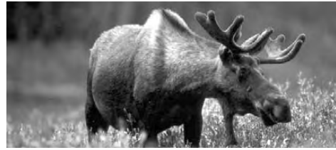
This is a moose. It lives in Canada.
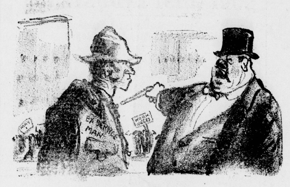
Gowan and Sock Your Enemy!"
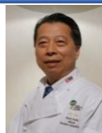
KK YAU GALA / CSR FRONT
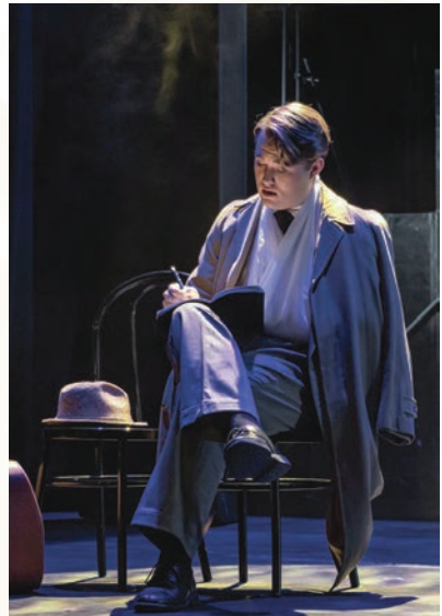
Cabaret , 2021
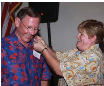
Out with the old and in with the new..
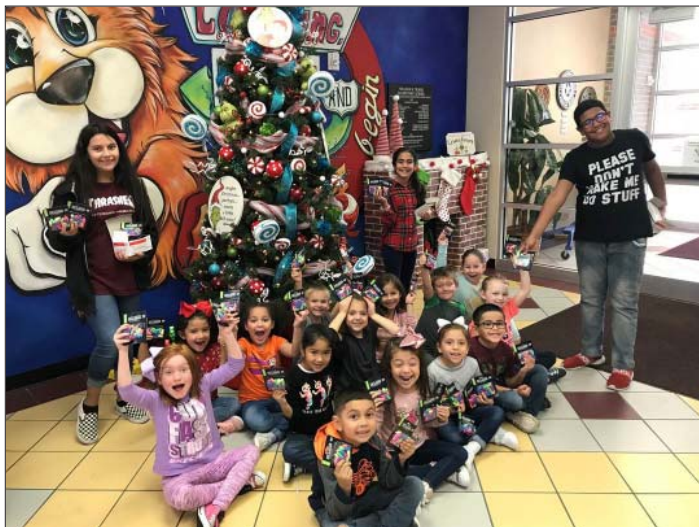
Travis Elementary students are excited about the supplies their school received from Walmart IDC 7042 right before the Christmas break.
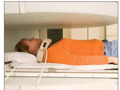
Position you will be in for an Open MRI of the Cervical Spine. Also would be true for an Open MRI of the shoulder.
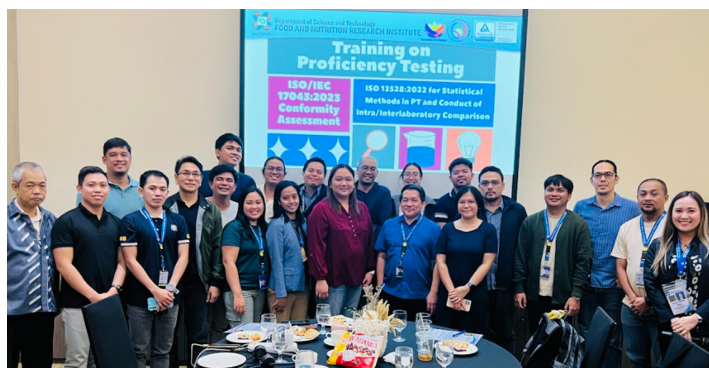
Customized Training on Proficiency Testing Provision and Training on the Conduct of Intra/Interlaboratory Comparison for GIZ Philippines - Department of Energy, Seda Hotel, Bonifacio Global City, Taguig, September 10-13, 2024
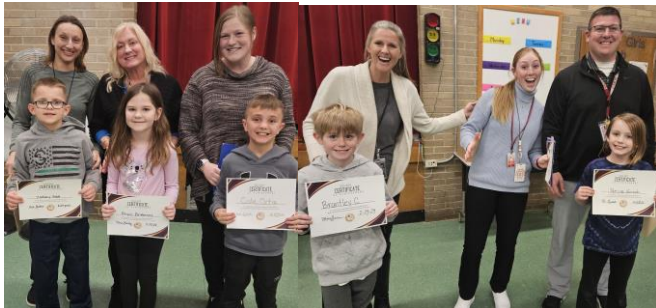
2nd & 3rd Grade Winners
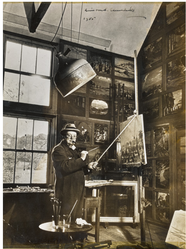
Winston Churchill in his studio at Chartwell. Roses in a Glass Vase can be seen hanging on the wall beside him.

“Whenever I feel particularly low or depressed I look at those three rosebuds. The thought and the friendship in the painting is such a great encouragement to me... and I have the determination to go on.”
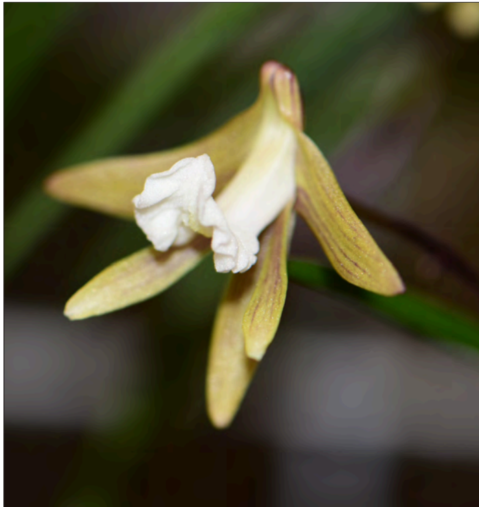
Dockrillia striolata 'Ruffles'
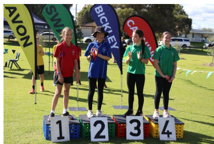
Year 6 Girls
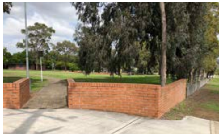
2 Park Corner Entrance
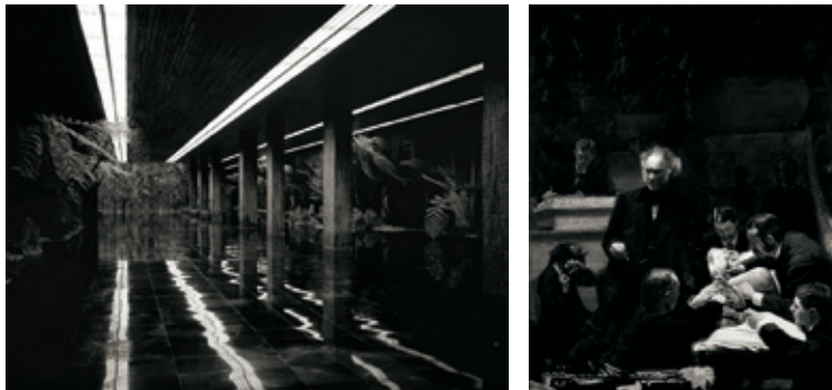
Taryn Simon, Interior of The Palace of the Revolution, Havana, Cuba , 2002; Thomas Eakins, The Gross Clinic , 1875

In Simon's photography, the American soil is wrapped up in a political, cultural, and economic quagmire, yet it never fails to offer unexpected splendors. As her photograph of a fireworks display informs us, this is where the largest American firework
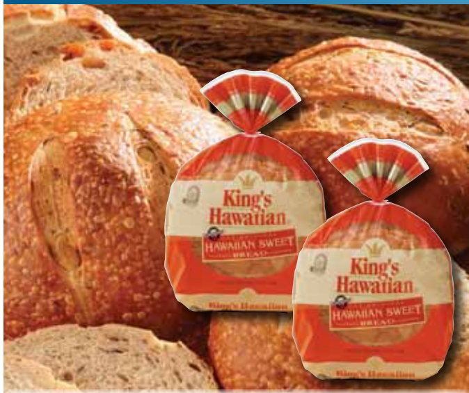
King's Hawaiian Bread 16-Oz.
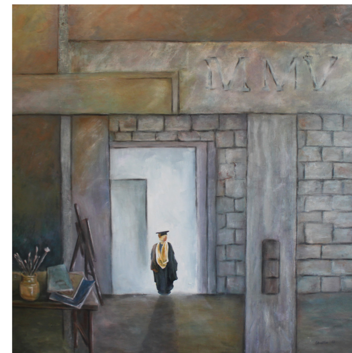
The graduate , 2013, oil on canvas
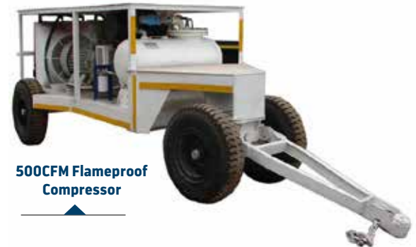
500CFM Flameproof Compressor

In addition to supporting the OEM range, Anaf has provided total rebuilds on other brands of equipment.
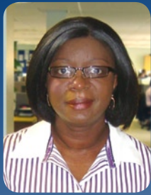
Senior Test Analyst
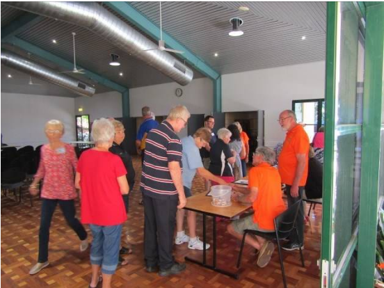
Sign on and raffle ticket sales
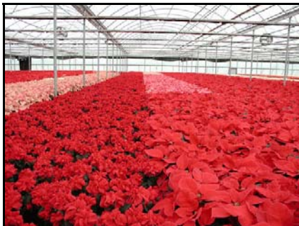
The Milgro Nurseries greenhouse near Newcastle

The Blundell Geothermal Power Plant and numerous geothermal small businesses across the state employ more than 350 Utahans. Using a multiplier of 2.5,
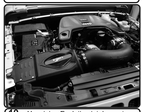
19. Your injen Evolution intake system is now complete.

Congratulations! You have just completed the installation of this intake system. Periodically, check the alignment of the intake, normal wear and tear can cause nuts and bolts to come loose. Note: Check clearance and adjust if needed! Failure to check the alignment and adjust the intake can cause damage that will void the warranty. Injen Technology is not responsible for any damages caused by/from improper installation.
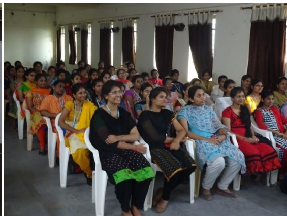
Students participating in the guest lecture
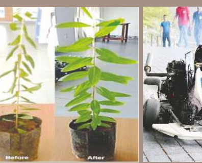
ano water' technology

## AIM OF THE EXERCISE
When repeating the material above, keep every line exact and drop all pictures.

## EXERCISE RESPONSE
This is a moose. It lives in Canada.
Gowan and Sock Your Enemy!"
KK YAU GALA / CSR FRONT
Cabaret , 2021
Out with the old and in with the new..
Travis Elementary students are excited about the supplies their school received from Walmart IDC 7042 right before the Christmas break.
Position you will be in for an Open MRI of the Cervical Spine. Also would be true for an Open MRI of the shoulder.
Customized Training on Proficiency Testing Provision and Training on the Conduct of Intra/Interlaboratory Comparison for GIZ Philippines - Department of Energy, Seda Hotel, Bonifacio Global City, Taguig, September 10-13, 2024
2nd & 3rd Grade Winners
Winston Churchill in his studio at Chartwell. Roses in a Glass Vase can be seen hanging on the wall beside him.

“Whenever I feel particularly low or depressed I look at those three rosebuds. The thought and the friendship in the painting is such a great encouragement to me... and I have the determination to go on.”
Dockrillia striolata 'Ruffles'
Year 6 Girls
2 Park Corner Entrance
Taryn Simon, Interior of The Palace of the Revolution, Havana, Cuba , 2002; Thomas Eakins, The Gross Clinic , 1875

In Simon's photography, the American soil is wrapped up in a political, cultural, and economic quagmire, yet it never fails to offer unexpected splendors. As her photograph of a fireworks display informs us, this is where the largest American firework
King's Hawaiian Bread 16-Oz.
The graduate , 2013, oil on canvas
500CFM Flameproof Compressor

In addition to supporting the OEM range, Anaf has provided total rebuilds on other brands of equipment.
Senior Test Analyst
Sign on and raffle ticket sales
The Milgro Nurseries greenhouse near Newcastle

The Blundell Geothermal Power Plant and numerous geothermal small businesses across the state employ more than 350 Utahans. Using a multiplier of 2.5,
19. Your injen Evolution intake system is now complete.

Congratulations! You have just completed the installation of this intake system. Periodically, check the alignment of the intake, normal wear and tear can cause nuts and bolts to come loose. Note: Check clearance and adjust if needed! Failure to check the alignment and adjust the intake can cause damage that will void the warranty. Injen Technology is not responsible for any damages caused by/from improper installation.
Students participating in the guest lecture
ano water' technology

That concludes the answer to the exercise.